PG 13 Internet
Published: Thursday, August 29, 2013
Updated: Wednesday, August 28, 2013 23:08
On the tip of it, the UK internet pornography law seems quite reasonable. Search results will automatically exclude adult content, but households can choose to opt out at their discretion.
It is designed to allow people who want porn opt out of blocking adult websites, while ensuring that parents can prevent their children from accessing it illegally. Some content, such as erotica and sexual therapy won’t be censored at all. Other content, including depictions of rape or child pornography, are censored outright, regardless of opting in or out. While the usual fights between social conservatives and civil liberties groups break out, it’s important to look at the details for guidance.
At the base of the issue, there is a conflict between people’s rights to post and access content freely and the rights of the government to uphold common values in a society. The government is choosing to give parents the tools to make sure their children are not watching porn. They are also giving consenting adults the freedom to access boatloads of porn if they choose to. It seems as if everyone here is happy (other than those in the child porn industry, who are hopefully in prison.)

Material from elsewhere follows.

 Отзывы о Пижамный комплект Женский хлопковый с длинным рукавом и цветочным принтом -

There are three major concerns which make me tentative in supporting this policy as something the United States should adopt. One is the fact that the censorship involved often extends to more than just pornography. Things ranging from eating disorders, violence, suicide and drugs sites can be censored by default. While none of these things are fantastic for children, there is a lot of merit in things that are related to violence or drugs. One of the best things about the internet is its ability to freely access large and diverse swaths of content, even if it is offensive. It would be a shame to censor anything that doesn’t need to be censored.
The second concern is the lack of transparency regarding who will set the bans. If we don’t know who does the banning it’s very hard to make sure they are no conflicts of interest. If a regulator sits on the board of a media company and a competitor happens to get a ban for content that isn’t all that offensive, there should be consequences. The general things that are being banned are under such broad labels that misconduct could be easily and quietly carried out, denying households and content providers access to each other in ways the law didn’t intend.

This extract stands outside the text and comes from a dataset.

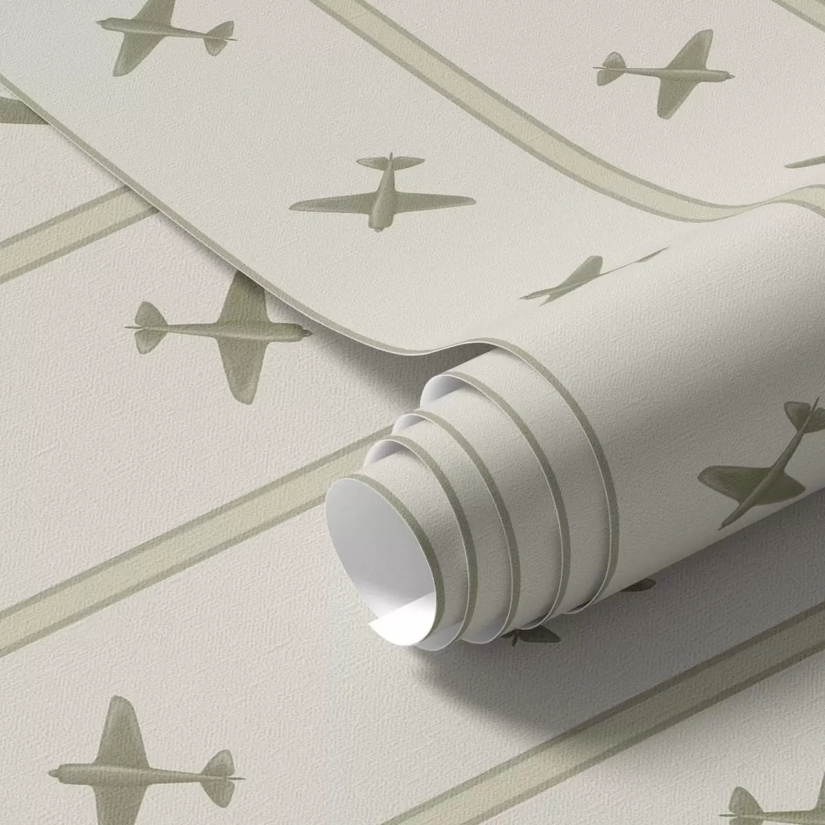 Tapete Flugzeuge mit Streifenmuster in Olivtönen Nr. a01170v2

Another concern is the ban on porn that shows consenting actors engaging in simulated rape. In principle, so long as the people creating the content are legal consenting adults and the viewers are legal consenting adults, the government has no business getting in the way of it. While some may think that it is gruesome nonconsent/reluctance is a popular fetish, it’s undeniably better to explore and deal with this kind of fetish in front of a computer screen then out in the real world.
Furthermore, there are profound, artistic and meaningful depictions of rape that have artistic merit. Taking the rape out of “Lovely Bones” would be like taking the violence out of “Fight Club.” It would degrade the emotional impact of the story. “Lovely Bones” and things like it should not be censored.
Aside from these issues, the law is taking a step at protecting the innocence of children. While teens should be able to seek out sexual education and deal with the cocktail of hormones that come with puberty, younger children shouldn’t be exposed to it. Laws rarely strike a balance between protecting the autonomy of adults and the responsibility of the state to protect its citizens against social harms. While flawed, this law at least approaches the right idea. It is important to continue to allow adults to penetrate these blocks, and that, at its base, is a solid part of any such law.